This repository contains introductory topics for Convolutional Neural Network and Computer Vision with TensorFlow
CNN, short for, Convolutional Neural Network, is a special kind of neural network which is used for computer vision (detecting patterns in visual data).
Since we are surrounded by cameras, capturing images and videos of every moment, we have huge of amount of data in image (or video format), and to detect patterns and apply algorithms to make a productive use of those type of data, we need specific kind of model architectures to fulfil our need, and that is what Convolutional Neural Network architectures comes into action.
For example, you might want to:
- Classify whether a picture of road contains car 🚗 or bicycle 🚲 or truck 🚛 (we're going to do this)
- Detect whether or not an object appears in an image (e.g did a specific car pass through a security camera?)
In this repo, we're going to follow the TensorFlow modelling workflow we've been following so far whilst learning about how to build and use CNNs.
Note: Convolutional Neural Network learn features and patterns by themselves, we don't need to tell them learn this or that feature.
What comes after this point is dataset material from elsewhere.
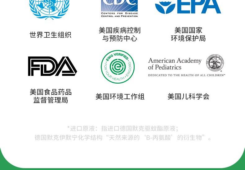 无酒精无香精款: 1.无香无酒精, 2.抗刺激成份 3.进口驱蚊酯;WHO-定义安全级别为U级成份 4抗刺激成份 3.进口驱蚊酯;WHO-定义安全级别为U级

Hyperparameter/Layer type | What does it do? | Typical Values |
---|---|---|
Input image(s) | Target images you'd like to discover patterns in | Whatever you can take a photo(or video) of |
Input layer | Takes in target images and preprocess them for further layers | input_shape = [batch_size, image_height, image_width, color_channels] |
Convolution layer | Extracts/learns the most important features from target images | Multiple, can create with tf.keras.layers.ConvXD (X can be multiple values) |
Hidden activation | Adds non-linearity to learned features (non-straight lines) | Usually ReLU |
Pooling layer | Reduces the dimensionality of learned image features | Average tf.keras.layers.AvgPool2D or Max tf.keras.layers.MaxPool2D |
Fully Connected layer | Further refines learned features from convolution layers | tf.keras.layers.Dense |
Output Layer | Takes learned features and outputs them in shape of target labels | output_shape = [number_of_classes] (e.g. 3 for pizza, steak or sushi) |
Output Activation | Adds non-linearities to output layer | tf.keras.activations.sigmoid (binary classification) or tf.keras.activations.softmax |
Specifically, we're going to go through the follow with TensorFlow:
- Getting a dataset to work with
- Architecture of a convolutional neural network
- A quick end-to-end example (what we're working towards)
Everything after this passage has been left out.